I can reveal that we found consistencies among the 3 jurisdictions on matters relating to 3D printing and copyright, which principally stem from the ambiguities around copyright’s application to this new technology and its possible uses. In particular, copyright subsistence, exceptions to infringement and intermediary liability were topics of considerable ambiguity and uncertainty in all jurisdictions. However, interestingly, there appears to be some more proximity between China and the US in how their copyright laws deal with these issues, compared to the UK/EU.
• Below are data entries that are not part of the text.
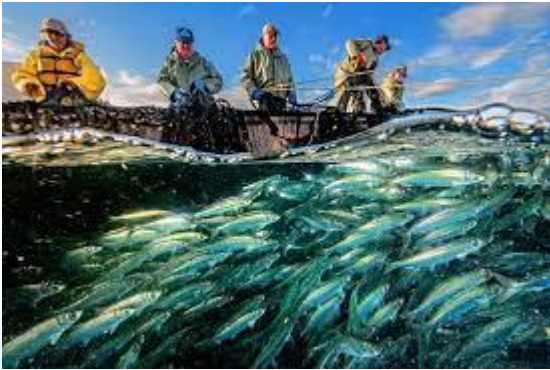
Останній день рибальського сезону (Ісландія)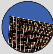
13. ANTIC EDIFICI DE GESA Carrer Joan Maragall, 16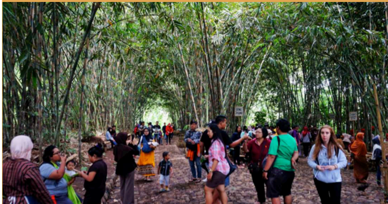
Suasana Pasar Papringan Ngadiprono yang terletak di tengah hutan bambu.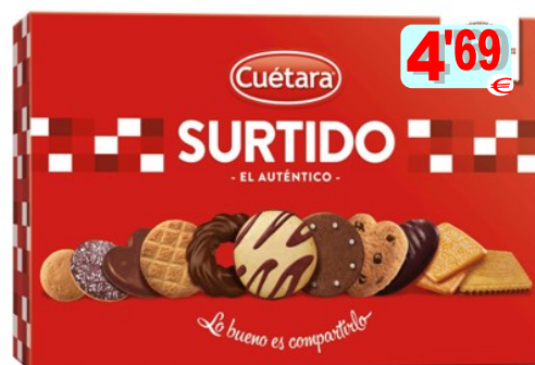
14992-BOLO SORTIDO CUÉTARA 420 gr. Cx.8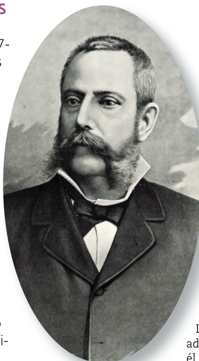
Figura 1.53 Gabino Barreda fue maestro, médico, filósofo y político. Organizó y dio vida al primer “proyecto moderno” de educación media en México. Los institutos estatales se adhirieron al programa ideado por él para la ENP. Dr. D. Gabino Barreda.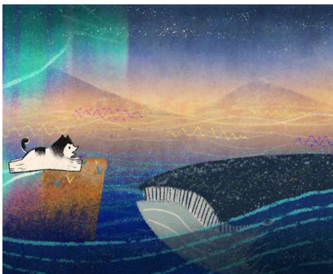
Alyaska , Oksana Kuvaldina (RU, 7', 2020)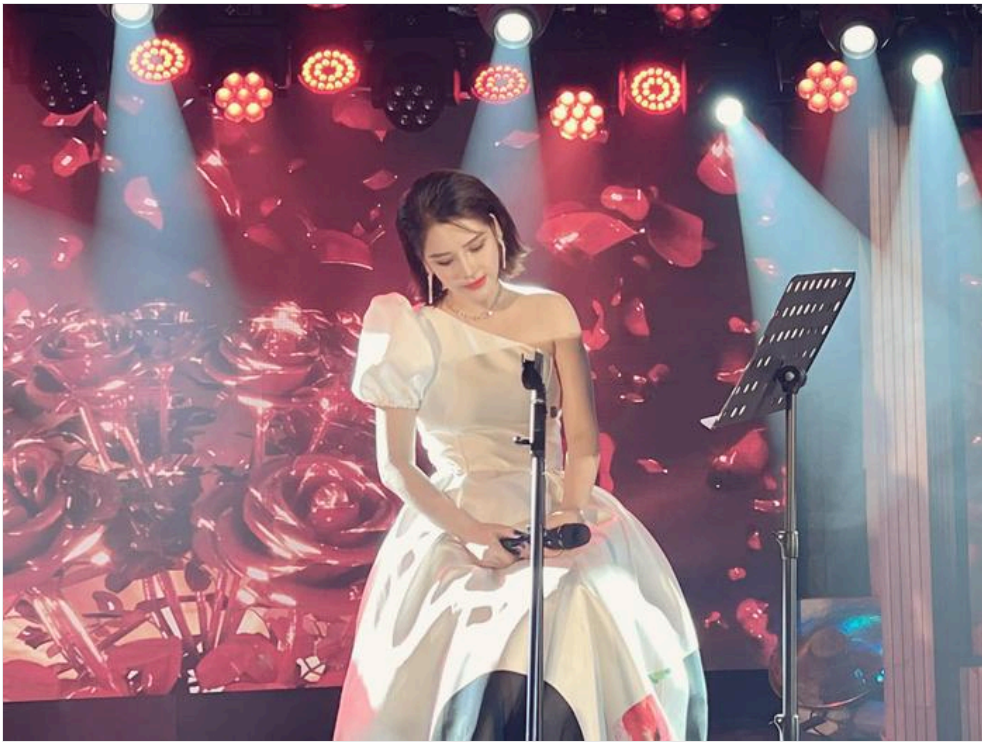
Vẻ đẹp của Á quân Thần tượng Bolero khi đứng trên sân khấu khiến khán giả không thể rời mắt.

Xem thêm clip: Những khoảnh khắc ấn tượng của các huấn luyện viên Thần tượng Bolero [SAOSTAR.VN]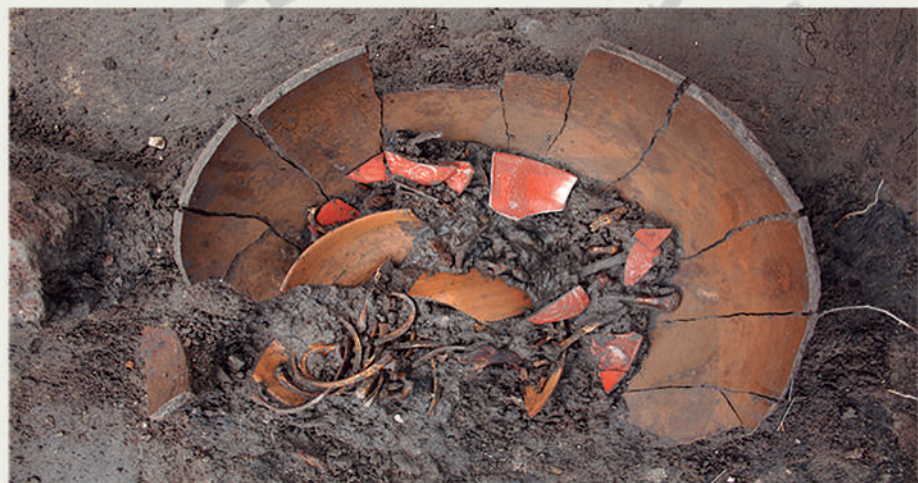
Ofrenda con restos de infante en olla de cerámica

Dentro de todo el predio explorado se localizaron restos de piezas de cerámica, obsidiana, lítica, madera principalmente prehispánicas y coloniales, ya que como he mencionado, durante la década de los años 60 del siglo XX, el predio fue arrasado con maquinaria para construir el centro comercial. Existen piezas que realmente destacan por su belleza.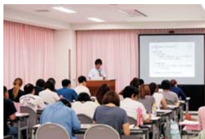
介護職員初任者研修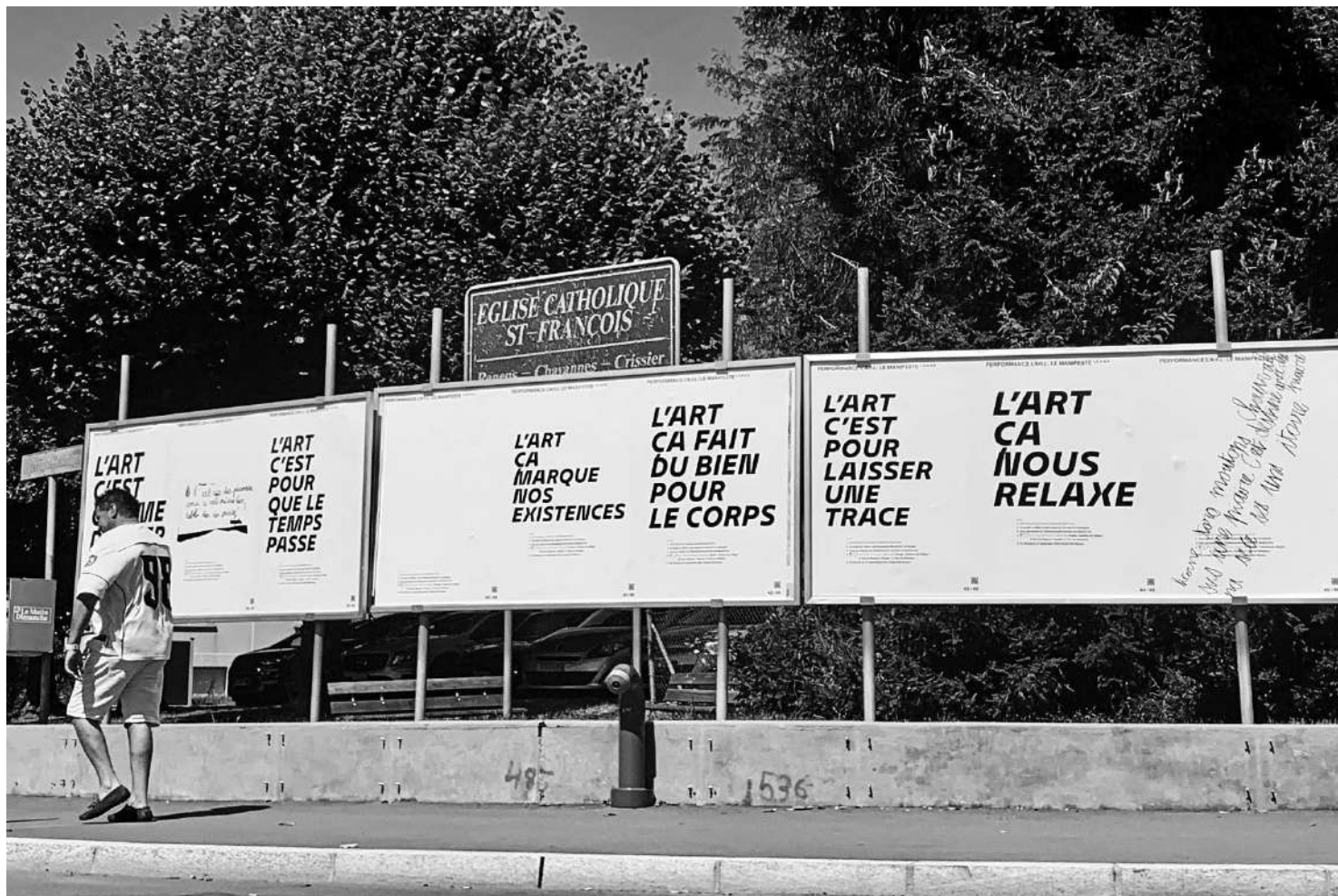
A Renens, le manifeste «L'Artz» se déploie sur des panneaux d'affichage à quatre endroits de la ville. MARIE-AUDE GUIGNARD

Après avoir invité les enfants à (re)définir l'art, la performeuse Marie-Aude Guignard compose un manifeste poétique dans l'espace public avec leurs slogans, à Renens, et bientôt à la Chaux-de-Fonds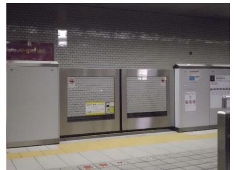
せんいちまえせん かどうしき さく 千日前線の可動式ホーム柵

きょうとしえいちかてつからすまおいけえき かどうしき さく からすません 京都市営地下鉄烏丸御池駅には可動式ホーム柵（烏丸線）とフルスク リーン式ホーム柵（東西線）が設置されていましたが、両駅ともホームと でんしゃ あいだ だんさ すきま くるま でんしゃ じょうこう としき りょう 電車 の間に段差と隙間があって、車いすで電車に乗降する時は、利用 する人によっては駅員にスロープを用意してもらい必要があります。 今度は、大阪市営地下鉄の可動式ホーム柵の検証に行きました。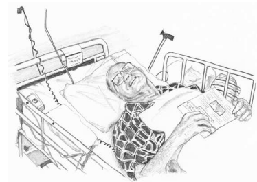
本文イラストより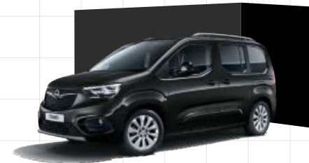
Onyx Black 1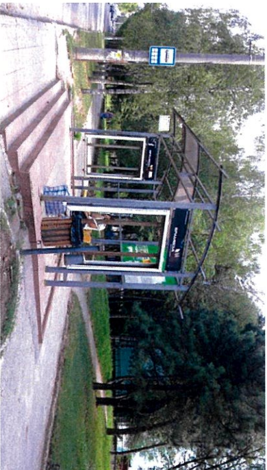
Str. Calea Leșilor lângă nr. 51/3. Parcul "La Izvor"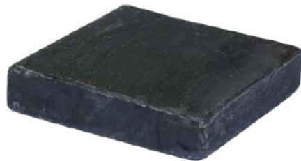
Ref: Ref: PSCA001 Sapone Solido di Carbone Attivo

Il carbone attivo è consigliato contro le infezioni della pelle, le punture di zanzare e insetti e la dermatite. Funziona come agente deodorante e, inoltre, contiene oli essenziali che potenziano le sue qualità.

The trip to Xi’an however wasn’t all work and no play, even though the conference took place over both days of the weekend and involved sessions running from 8.30am till 6pm each day. Our hosts provided us with delicious banquets each evening, showcasing the local (and spicy) Shaanxi cuisine. Some conference participants including myself also managed to see some of Xi’an’s famous sights, including the impressive old city walls, and the Terracotta Army outside of the city. These sights demonstrate Xi’an’s importance in the past as an economic, cultural and technological centre at the end of the transnational Silk Road. With Xi’an poised to be the starting point of China’s One Belt One Road (OBOR) ‘Silk Road Economic Belt’ initiative and to be the location of an OBOR court, it may well emerge again as a key economic, cultural, technological – and legal – centre. The role of new technologies including 3D printing for these revived global supply routes remains to be seen, but all of these developments ought to be closely studied with the rise of OBOR initiatives in the coming years.
I would like to thank the conference organisers from the Oxford University Press Chinese Journal of Comparative Law , in particular for funding my travel to, and accommodation in, Xi’an for this conference. In particular I would like to thank Professor Qiao Liu (University of Queensland/Xi’an Jiaotong University) and Ms Cheyenne Ren (XJTU) for their respective organisation of academic and administrative aspects of the conference.